[Exercise goal] Look over the lines below. Report each one that includes the string "dans".

━━ Information ━━

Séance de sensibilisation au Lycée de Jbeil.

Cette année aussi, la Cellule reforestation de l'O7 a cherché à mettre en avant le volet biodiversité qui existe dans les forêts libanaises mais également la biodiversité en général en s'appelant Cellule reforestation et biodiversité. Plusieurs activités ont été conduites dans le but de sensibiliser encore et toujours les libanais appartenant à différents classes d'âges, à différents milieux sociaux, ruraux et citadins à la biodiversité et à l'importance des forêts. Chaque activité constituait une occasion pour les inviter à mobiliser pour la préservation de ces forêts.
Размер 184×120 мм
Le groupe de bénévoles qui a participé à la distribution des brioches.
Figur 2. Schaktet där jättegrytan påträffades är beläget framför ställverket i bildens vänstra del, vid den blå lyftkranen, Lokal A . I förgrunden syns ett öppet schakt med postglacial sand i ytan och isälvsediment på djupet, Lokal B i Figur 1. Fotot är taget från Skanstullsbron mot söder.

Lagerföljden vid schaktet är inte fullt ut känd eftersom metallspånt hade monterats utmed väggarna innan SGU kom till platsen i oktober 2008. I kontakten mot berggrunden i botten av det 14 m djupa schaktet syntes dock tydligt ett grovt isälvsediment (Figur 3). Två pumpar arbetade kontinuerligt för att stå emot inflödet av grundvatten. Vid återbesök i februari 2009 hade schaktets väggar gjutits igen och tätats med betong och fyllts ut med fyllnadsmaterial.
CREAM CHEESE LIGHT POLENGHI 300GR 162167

━━━
━━ Information ━━

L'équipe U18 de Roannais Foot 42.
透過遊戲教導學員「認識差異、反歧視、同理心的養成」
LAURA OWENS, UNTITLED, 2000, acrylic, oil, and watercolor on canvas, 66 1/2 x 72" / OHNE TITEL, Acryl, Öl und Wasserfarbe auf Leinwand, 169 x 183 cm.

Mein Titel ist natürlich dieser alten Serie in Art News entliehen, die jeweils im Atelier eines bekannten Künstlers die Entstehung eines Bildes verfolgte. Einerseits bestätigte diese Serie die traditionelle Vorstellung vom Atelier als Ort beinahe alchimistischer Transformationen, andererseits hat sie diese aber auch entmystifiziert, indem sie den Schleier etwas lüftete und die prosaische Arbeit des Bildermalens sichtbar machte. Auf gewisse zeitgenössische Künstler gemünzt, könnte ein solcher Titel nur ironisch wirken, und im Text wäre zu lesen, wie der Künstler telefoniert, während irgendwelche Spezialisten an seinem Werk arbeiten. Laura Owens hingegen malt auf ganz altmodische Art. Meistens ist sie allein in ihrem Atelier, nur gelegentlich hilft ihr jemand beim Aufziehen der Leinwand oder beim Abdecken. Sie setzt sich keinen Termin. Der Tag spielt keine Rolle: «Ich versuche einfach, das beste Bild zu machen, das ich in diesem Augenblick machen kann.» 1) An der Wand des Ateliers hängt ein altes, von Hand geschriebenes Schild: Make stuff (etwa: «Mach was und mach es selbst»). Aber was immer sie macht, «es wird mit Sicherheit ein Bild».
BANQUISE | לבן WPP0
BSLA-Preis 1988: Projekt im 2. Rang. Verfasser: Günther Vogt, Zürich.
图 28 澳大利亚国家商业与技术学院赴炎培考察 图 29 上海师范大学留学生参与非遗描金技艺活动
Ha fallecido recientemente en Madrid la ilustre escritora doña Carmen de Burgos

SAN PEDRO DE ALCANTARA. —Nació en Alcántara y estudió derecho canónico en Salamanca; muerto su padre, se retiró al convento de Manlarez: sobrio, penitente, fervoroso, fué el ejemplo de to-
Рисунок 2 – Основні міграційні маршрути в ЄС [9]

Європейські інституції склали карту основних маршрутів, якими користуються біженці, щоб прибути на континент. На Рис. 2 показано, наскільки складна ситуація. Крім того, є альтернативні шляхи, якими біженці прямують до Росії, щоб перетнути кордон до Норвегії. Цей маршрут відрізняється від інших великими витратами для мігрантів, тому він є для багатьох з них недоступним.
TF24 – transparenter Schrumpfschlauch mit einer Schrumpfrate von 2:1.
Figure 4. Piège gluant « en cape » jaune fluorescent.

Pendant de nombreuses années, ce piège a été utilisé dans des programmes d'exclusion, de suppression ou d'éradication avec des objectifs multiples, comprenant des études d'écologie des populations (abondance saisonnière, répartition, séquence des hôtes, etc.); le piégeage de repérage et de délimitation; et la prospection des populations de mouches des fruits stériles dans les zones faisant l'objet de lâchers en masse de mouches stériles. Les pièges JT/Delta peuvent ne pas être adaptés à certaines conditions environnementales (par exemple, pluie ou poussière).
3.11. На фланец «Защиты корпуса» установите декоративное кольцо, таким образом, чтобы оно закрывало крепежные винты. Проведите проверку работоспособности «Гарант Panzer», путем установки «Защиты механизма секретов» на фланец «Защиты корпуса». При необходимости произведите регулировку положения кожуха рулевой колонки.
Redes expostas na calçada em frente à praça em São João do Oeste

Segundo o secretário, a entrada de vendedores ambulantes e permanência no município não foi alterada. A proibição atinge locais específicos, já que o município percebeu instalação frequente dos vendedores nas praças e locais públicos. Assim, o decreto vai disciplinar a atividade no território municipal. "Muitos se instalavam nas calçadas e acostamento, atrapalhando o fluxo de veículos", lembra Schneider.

━━━

[Solution to the problem]
Cette année aussi, la Cellule reforestation de l'O7 a cherché à mettre en avant le volet biodiversité qui existe dans les forêts libanaises mais également la biodiversité en général en s'appelant Cellule reforestation et biodiversité. Plusieurs activités ont été conduites dans le but de sensibiliser encore et toujours les libanais appartenant à différents classes d'âges, à différents milieux sociaux, ruraux et citadins à la biodiversité et à l'importance des forêts. Chaque activité constituait une occasion pour les inviter à mobiliser pour la préservation de ces forêts.
Pendant de nombreuses années, ce piège a été utilisé dans des programmes d'exclusion, de suppression ou d'éradication avec des objectifs multiples, comprenant des études d'écologie des populations (abondance saisonnière, répartition, séquence des hôtes, etc.); le piégeage de repérage et de délimitation; et la prospection des populations de mouches des fruits stériles dans les zones faisant l'objet de lâchers en masse de mouches stériles. Les pièges JT/Delta peuvent ne pas être adaptés à certaines conditions environnementales (par exemple, pluie ou poussière).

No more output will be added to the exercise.